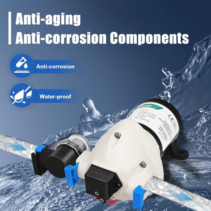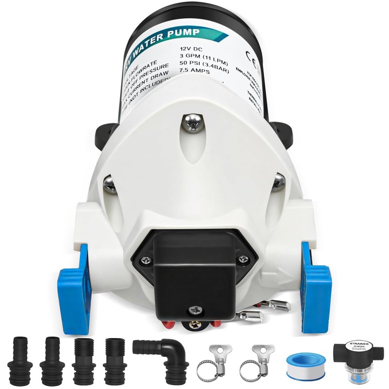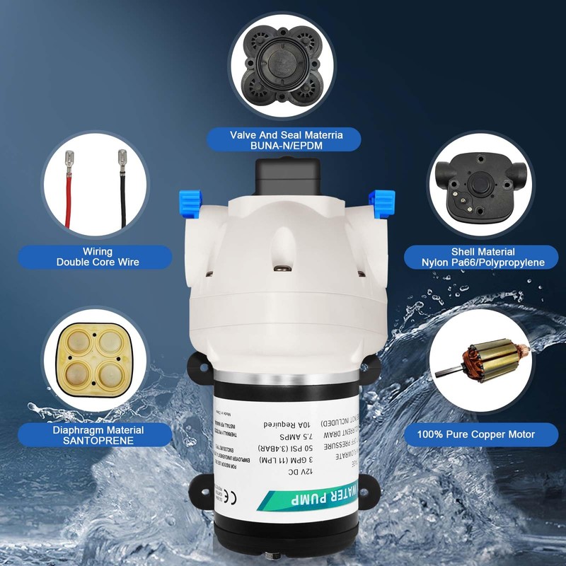 - 【SPECIFICATION】12V DC water pump features 3 GPM water flow. Max Pressure 50PSI (3.4 BAR), 7.5A Max.The RV water pump self-priming up to 9 vertical feet.
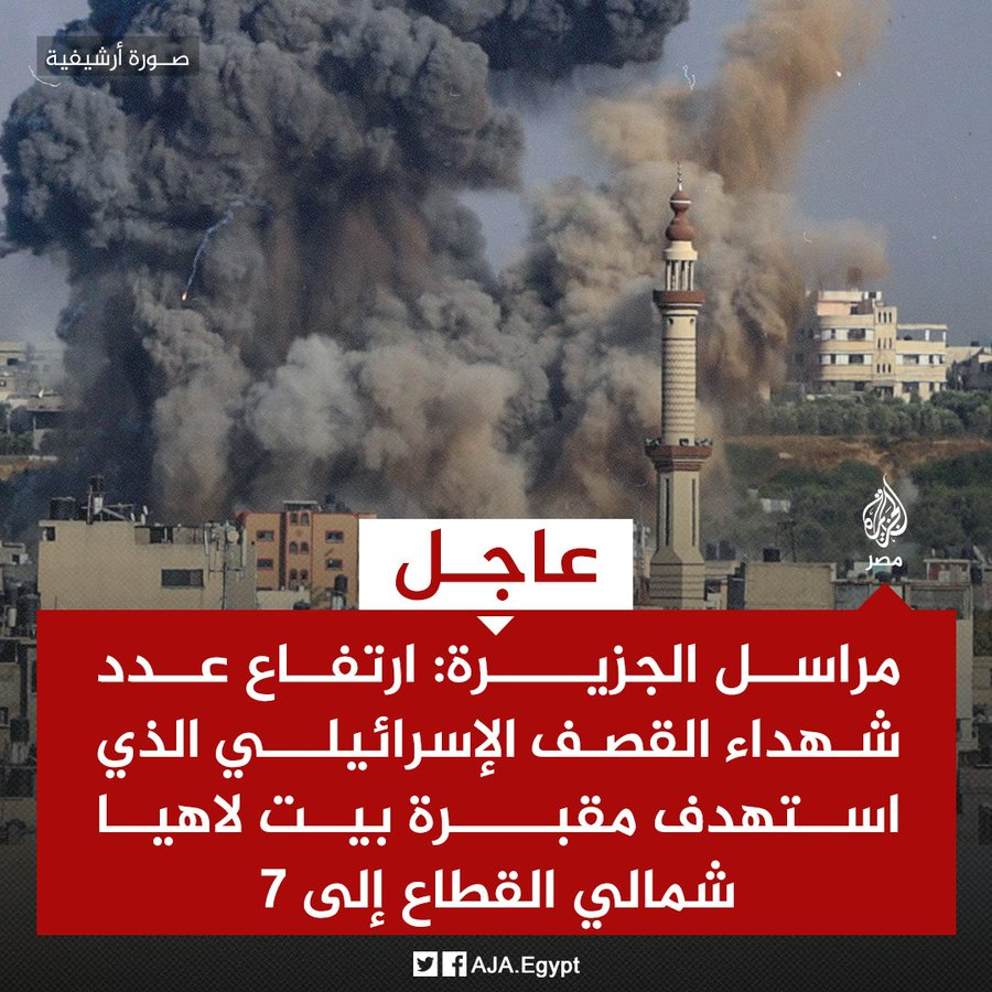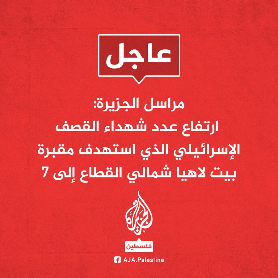 Multiple sources including @AJA_Palestine reported that the death toll of the bombing of the Beit Lahia cemetery had risen to seven while @AlarabyTV stated that the bodies of 10 of those killed had been transferred to hospitals in North Gaza.
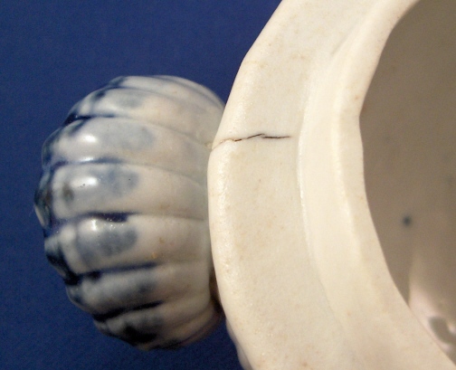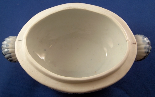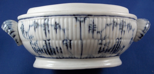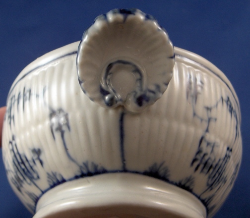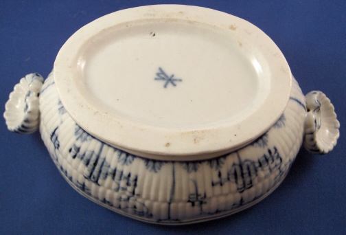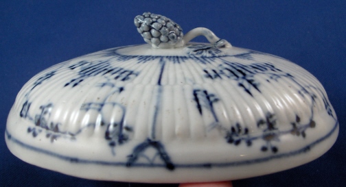This is a sugar dish made by Volkstedt around 1770. It is handpainted with an underglaze blue strawflower design and has the typical ribbed design to the paste. I have not seen this shape before and it is nice to have one with the lid and both being in superb condition! It is marked underneath with the underglaze blue crossed pitchforks with the line across mark. The sugar bowl is in superb condition with some firing flaws to the paste the most noticable ones being two firing crack - one on either side above the handle but both are hidden by the lid and just a sign of age on these pieces as they are common on early Volkstedt. The finial in the shape of a grape is very nice and the shell handles are a bit odd but nice as well. The lid is a bit loose. The piece is 3.75 inches tall, 6.75 inches wide and 3.75 inches deep. Please email me for more information or photos.
────────
*What this task involves:* What you should repeat exactly is the run of lines from the top of the listing above through the line with "Multiple sources including", without pictures.

*Written answer:*
 - 【SPECIFICATION】12V DC water pump features 3 GPM water flow. Max Pressure 50PSI (3.4 BAR), 7.5A Max.The RV water pump self-priming up to 9 vertical feet.
 Multiple sources including @AJA_Palestine reported that the death toll of the bombing of the Beit Lahia cemetery had risen to seven while @AlarabyTV stated that the bodies of 10 of those killed had been transferred to hospitals in North Gaza.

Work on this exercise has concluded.